ACTION ITEM: Please write out only the lines from the one containing "Kayseri´nin İncesu ilçesinde" through the last line of the listing. Do not include pictures.

Segment Start: INFORMATION SUPPLIED

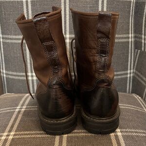 Durable brown leather work boots designed for comfort and protection. Perfect for tough environments. Bought these to wear at work but they're just too nice.😃
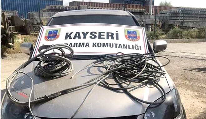 Kayseri´nin İncesu ilçesinde Devlet Demiryollarına ait sinyalziasyon kablosu çalan 2 kişi, Kayseri İl Jandarma Komutanlığı ekipleri tarafından yakalandı.
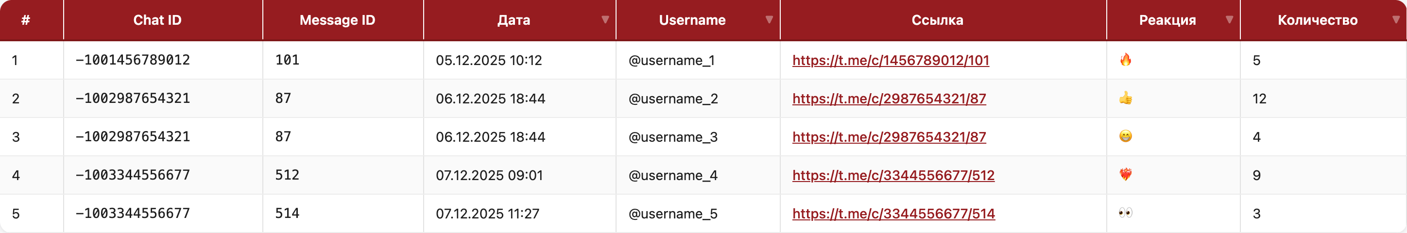 - Все реакции на сообщения фиксируются в режиме реального времени.

Segment End: INFORMATION SUPPLIED

EXERCISE SOLUTION:
 Kayseri´nin İncesu ilçesinde Devlet Demiryollarına ait sinyalziasyon kablosu çalan 2 kişi, Kayseri İl Jandarma Komutanlığı ekipleri tarafından yakalandı.
 - Все реакции на сообщения фиксируются в режиме реального времени.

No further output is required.